香月楼以一手素斋闻名宣广城,最拿手的绝活——一盘水磨豆腐就叫香月豆腐,顾名思义,就是一个月才做一次,温嫩水滑,入口即化,香飘十里,引人垂涎,故此每月一到做豆腐的日子,此楼就被馋虫满腹的人们围的水泄不通。
所以此时香月楼中喧哗非常,杯碗盘碟声声作响,笑语喧喊,小二小心端着盘子满楼乱窜。
清平一身男装的看着满楼的热闹,吞下一勺软如水润如玉香满口的豆腐,啧啧的赞了声:“果然入口即化。”

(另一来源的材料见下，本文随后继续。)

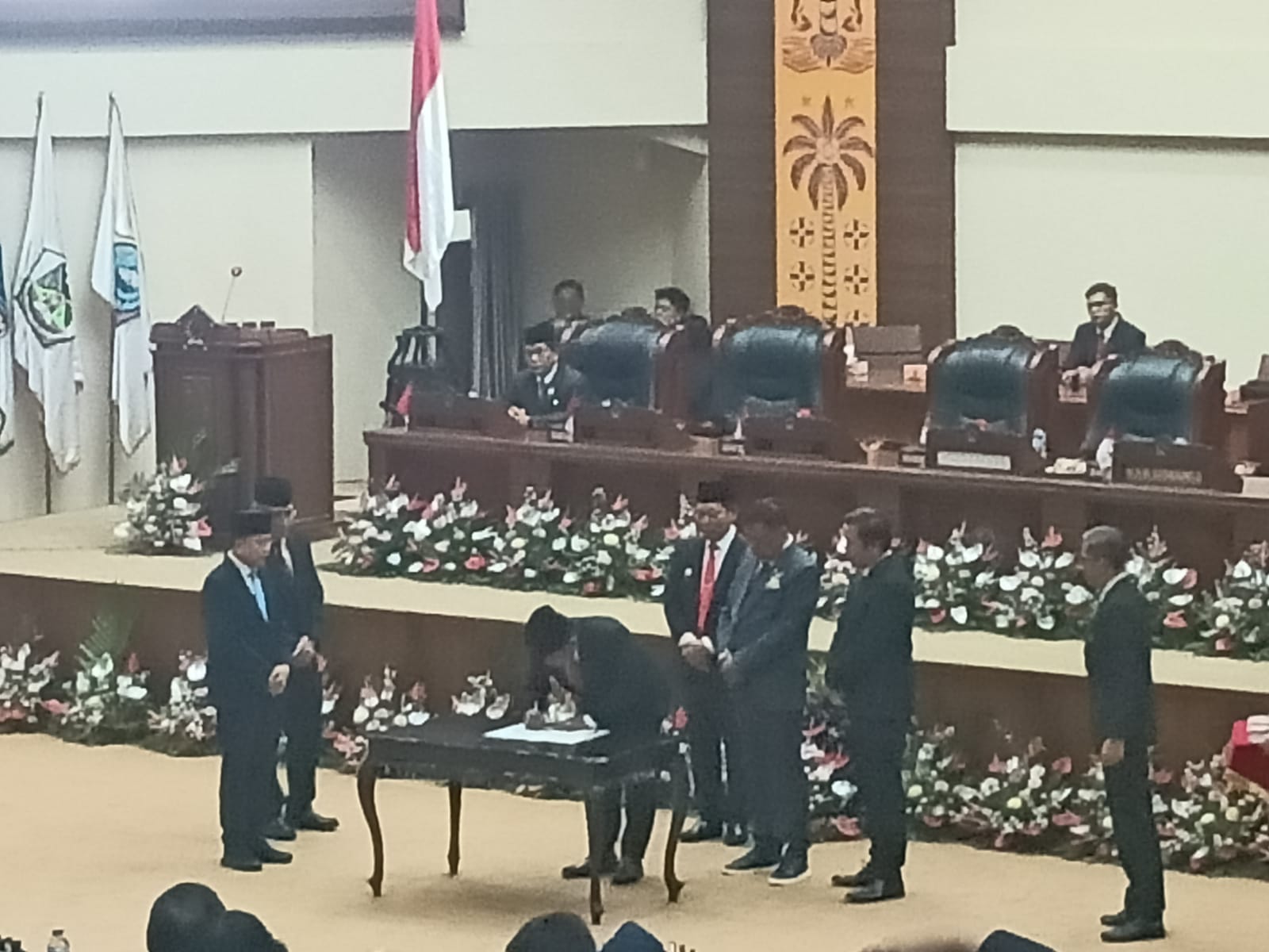 Rapat paripurna dipimpin langsung oleh Ketua DPRD Sulut dr. Fransiscus Andi Silangen, SPB’ KBD Didampingi langsung oleh wakil ketua Michaela Paruntu Stela Runtuwene dan Billy lombok secara resmi Mantan gubernur Sulut Olly Dondokambey menyerahkan jabatan kepada gubernur yang baru dilantik Mayjen TNI (purn) Yulius Selvanus Komaling, SE
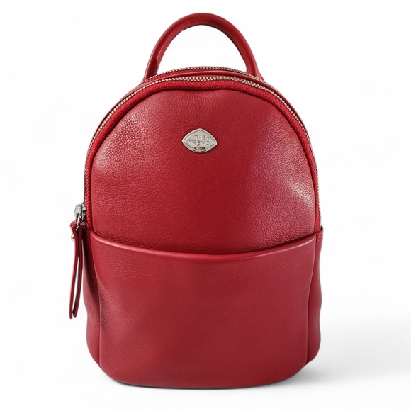 Italian leather backpack, red mini purse, minimalist bag, city chic, travel essentials, The Trend Italy, genuine leather, street style, everyday backpack, modern classic, capsule wardrobe

坐在她对面的郗谨却像是身上长了虱子,坐也不是,站也不是,一向贪吃好酒的他连眼前如此的美味都咽不下,勉强挤出笑脸的苦瓜像看的清平笑的直打跌:“不就换了身衣裳穿么,你就这么浑身不自在?”
郗谨抓抓脑袋,苦笑道:“你自己穿穿试试!”
清平看看郗谨——一身淡绿宽袖广身的儒生袍,外罩着一袭宽袖淡绿的儒生衫,头发一丝不苟的束在玉冠里,手中还拿着把描金青绿山水扇,再配上他那个丰神俊朗的脸蛋,活脱脱一个浊世中的尔雅佳公子。
当然,前提是除去他脸上那两撇浓浓的小八字胡和一脸的不自在,不伦不类的,怎么看怎么滑稽。
清平越看越想笑,可突然忆起这是自己的杰作,只得憋着笑装着正儿八经的点点头,貌似诚恳的赞上一句:“我看着挺好,郗兄骨格不凡,丰韵雅秀,清和可近,已不是寻常人了,想来公子班头,文人领袖也不过如此吧。”
郗谨知道自己穿上龙袍也不像太子,看着清平已经憋笑到走样的五官,就知道她是在睁着眼说瞎话,话里有话,不禁为自己哀嚎一声,大叹遇人不淑,终于化悲愤为食欲,顾不得“读书人”的斯文便与一桌子的素斋搏斗开了。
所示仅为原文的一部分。